Le mariage concentre une densité rituelle que peu d’autres événements humains atteignent. Arnold Van Gennep, dans son ouvrage fondateur publié en 1909, a théorisé ce moment comme un rite de passage tripartite : séparation d’un état antérieur (le célibat), marge liminaire (la cérémonie elle-même), agrégation à un nouvel état (la vie conjugale). Durant la phase liminaire, les individus sont symboliquement suspendus entre deux conditions sociales et se trouvent dans une vulnérabilité rituelle accrue. Toutes les cultures documentées ont développé un arsenal de précautions destinées à protéger ce moment de fragilité.

Une vulnérabilité rituelle maximale

Les folkloristes observent que les croyances redoublent autour des passages : naissance, puberté, mariage, mort. Le mariage cristallise particulièrement les peurs car il engage une alliance entre deux lignées, la fécondité future, la stabilité économique et la paix sociale. Les anciens pensaient que les esprits jaloux, les morts mal enterrés ou les rivaux déconfits pouvaient profiter de la cérémonie pour nuire. D’où la multiplication des gestes protecteurs : bruits pour chasser les esprits, couleurs pour détourner le mauvais œil, objets pour attirer la chance. Les coutumes des traditions du mariage en France illustrent ce feuilletage de croyances régionales où chaque détail compte. Loin de l’irrationalité pure, ces superstitions forment un système symbolique de maîtrise de l’incertitude, une grammaire rassurante pour une société confrontée au plus imprévisible des engagements.

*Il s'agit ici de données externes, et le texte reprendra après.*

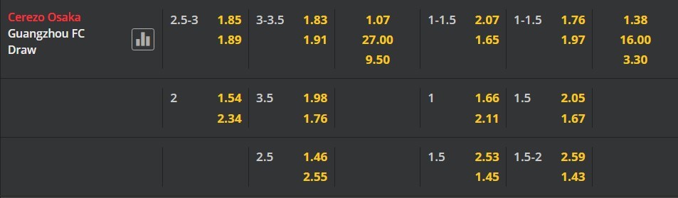 Tỷ lệ cược của Cerezo Osaka và Guangzho ở kèo đấu này vẫn sẽ có sự chênh lệch cực kì lớn khi mà Cerezo Osaka vẫn được đánh giá cao hơn Guangzhou rất nhiều. Mục tiêu của 2 đội đang là khác nhau và Guangzhou với đội hình trẻ cũng sẽ rất khó để nghĩ tới việc tránh được thất bại. Với kèo đấu này, cửa trên Cerezo Osaka vẫn sẽ là lựa chọn hợp lý.
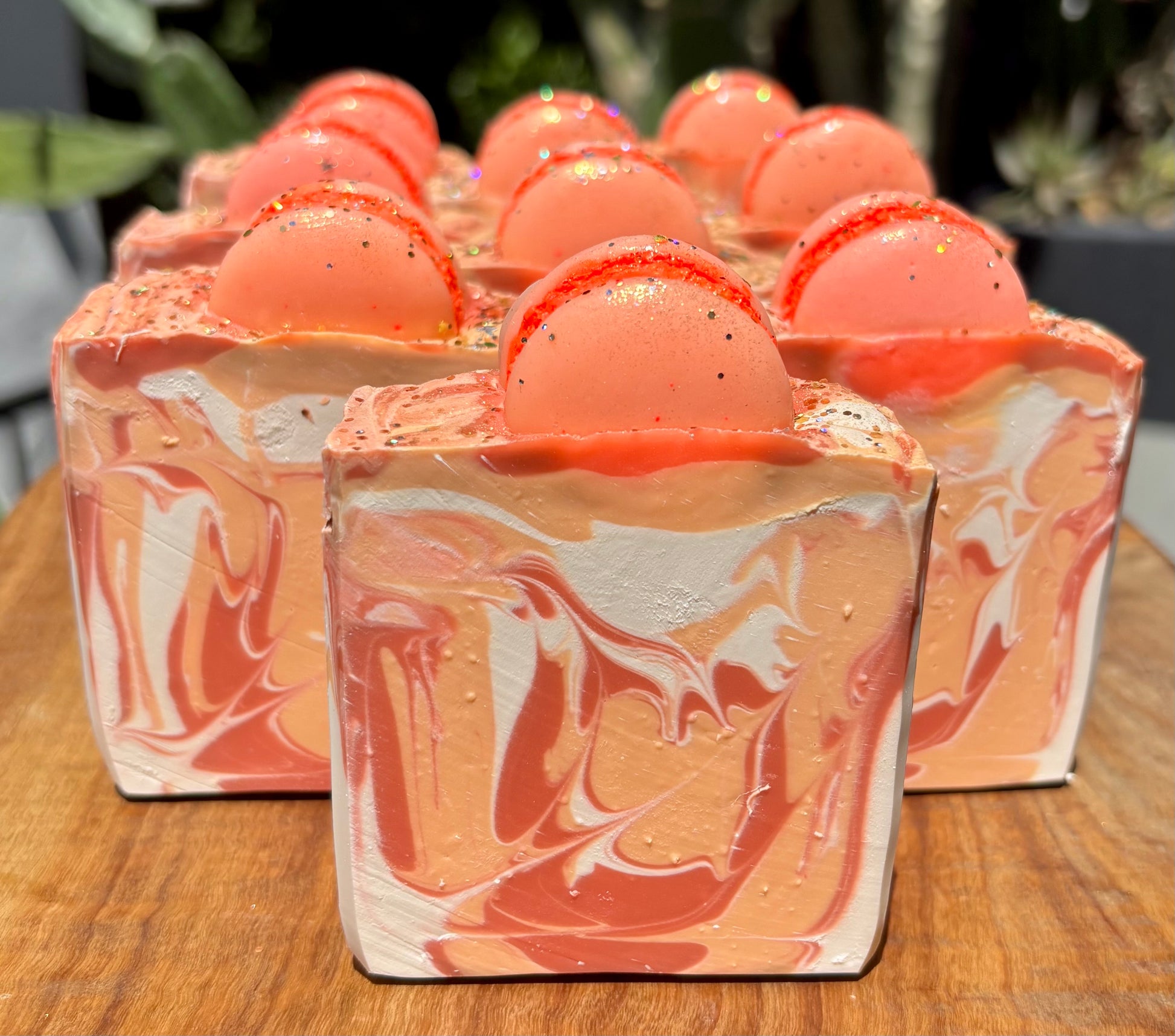 Rediscover the joy of childhood summers with our Artisan Orange Creamcicle Macaron Soap. Handcrafted with care, this luxurious soap is made with organic coconut and olive oils, creating a rich, creamy lather that gently cleanses and deeply nourishes your skin. The delightful blend of orange sherbet and vanilla ice cream fragrances brings a sweet, nostalgic scent that evokes memories of carefree days and refreshing treats.
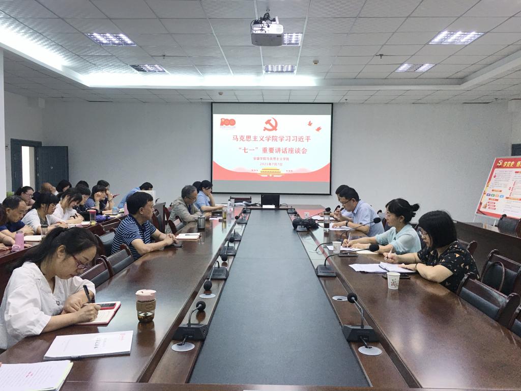 座谈会上,马克思主义学院副院长单林波传达了ac米兰官方网站党史学习教育领导小组《关于认真学习贯彻习近平总书记在庆祝中国共产党成立100周年大会上重要讲话的通知》文件精神;副院长韩晔、王晓霞分别对习近平总书记在庆祝中国共产党成立100周年大会及“七一勋章”颁授仪式上的重要讲话精神进行了解读。
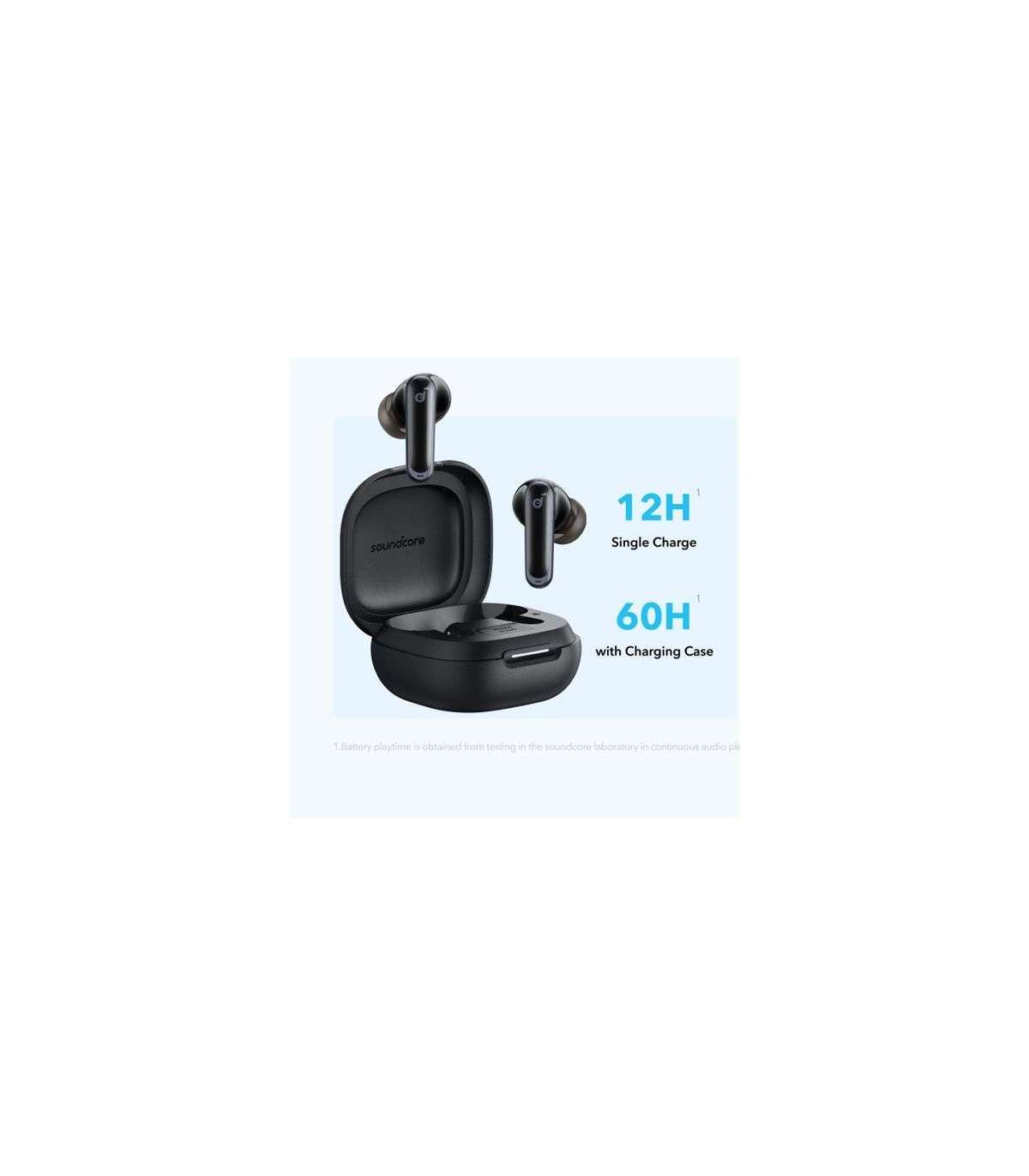 - 2-in-1 charging case and phone stand; Multipoint connection; 6 mics and an AI algorithm enable crystal clear calls; Thumping beats powered by 11mm composite drivers; Battery Life: 12 hours single charge and 60 hours with charging case; Wireless charging
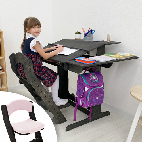 Парта для школьника, растущая парта и растущий стул, с подушкой, комплект, окрашен маслом
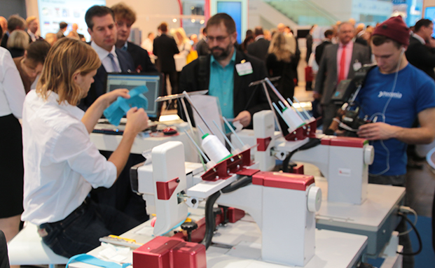 Nähmaschinen am Stand der Barmenia, denn hier ...
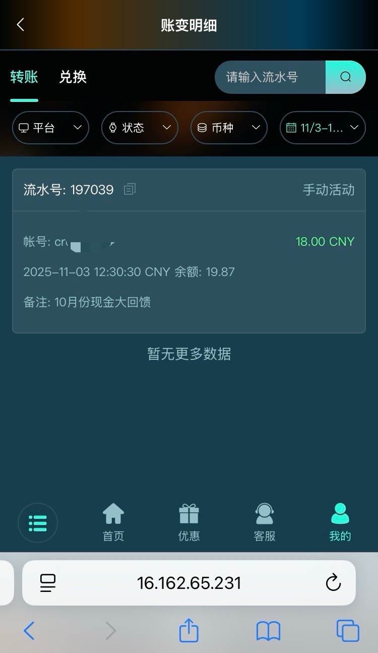 幻影收到10月份现金回馈彩金,有号的去看看。
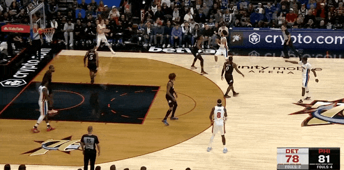 NBA常规赛,76人对阵活塞的比赛正在进行中。
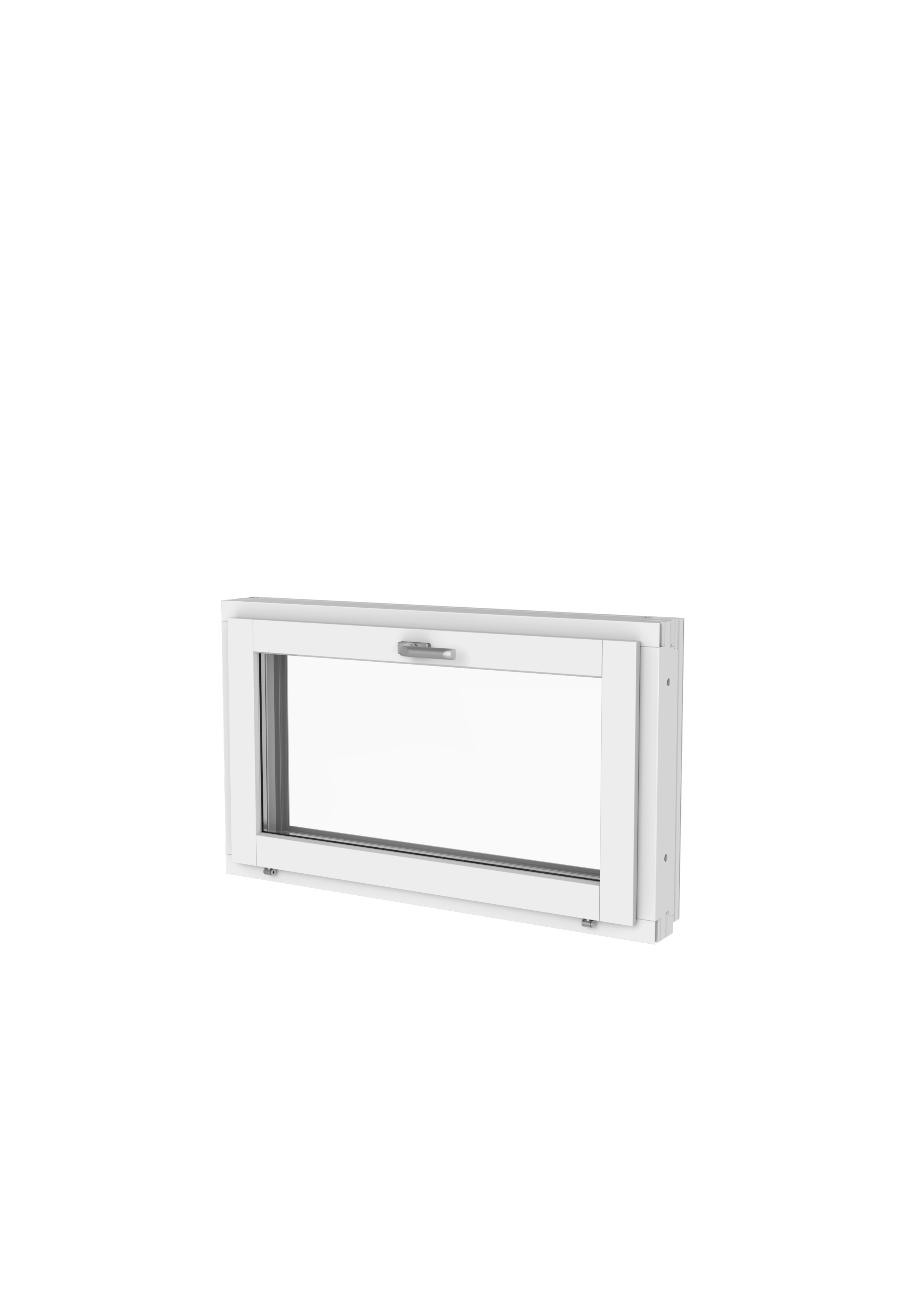 SSC Etri Fönster 2+1 Bottom hung window is a window that opens inwards. The casement consists of two connected sashes. The inner casement consists of wood with a mounted insulating glass with two glasses. The outer casement is made of aluminum with a simple float glass. The casement is attached to the frame via bolt hinges on the bottom piece, which means that when opened, the casement swings inwards in a vertical position.
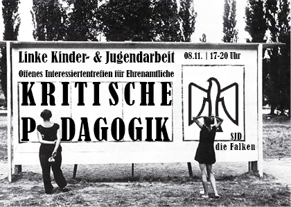Dabei sind wir immer auf der Suche nach neuen Helferinnen und Helfern, die Lust haben, Kindergruppen gemeinsam mit uns aufzubauen und mitzugestalten. Auch setzen wir uns theoretisch in unseren Arbeitskreisen mit linken Pädagogikkonzepten auseinander. Unsere Arbeit wollen wir beim offenen Interessiertentreffen vorstellen.

Les six incontournables de la tradition

La formule anglo-saxonne Something old, something new, something borrowed, something blue constitue probablement la superstition nuptiale la plus diffusée dans le monde occidental contemporain. Sa popularité masque une origine précise et tardive, que les folkloristes britanniques ont pu dater avec une certaine exactitude.

Something old, new, borrowed, blue

Le quatrain apparaît pour la première fois sous forme écrite dans le Lancashire (nord-ouest de l’Angleterre) au milieu du XIXe siècle. Chaque élément porte une charge symbolique distincte. Le something old représente la continuité avec la famille d’origine et le passé de la mariée : un bijou de grand-mère, un mouchoir brodé par une tante, un morceau de dentelle conservé. Le something new incarne l’optimisme et le futur couple : souvent la robe elle-même ou les chaussures. Le something borrowed doit provenir d’une femme heureusement mariée, afin que sa chance conjugale se transmette symboliquement. Le something blue évoque la fidélité, la pureté et la protection mariale dans la tradition chrétienne : jarretière bleue, ruban cousu dans la doublure, fleurs de myosotis dans le bouquet. La diffusion de cette coutume dans le Commonwealth puis dans le monde francophone date essentiellement de l’après-1945, sous l’influence du cinéma hollywoodien.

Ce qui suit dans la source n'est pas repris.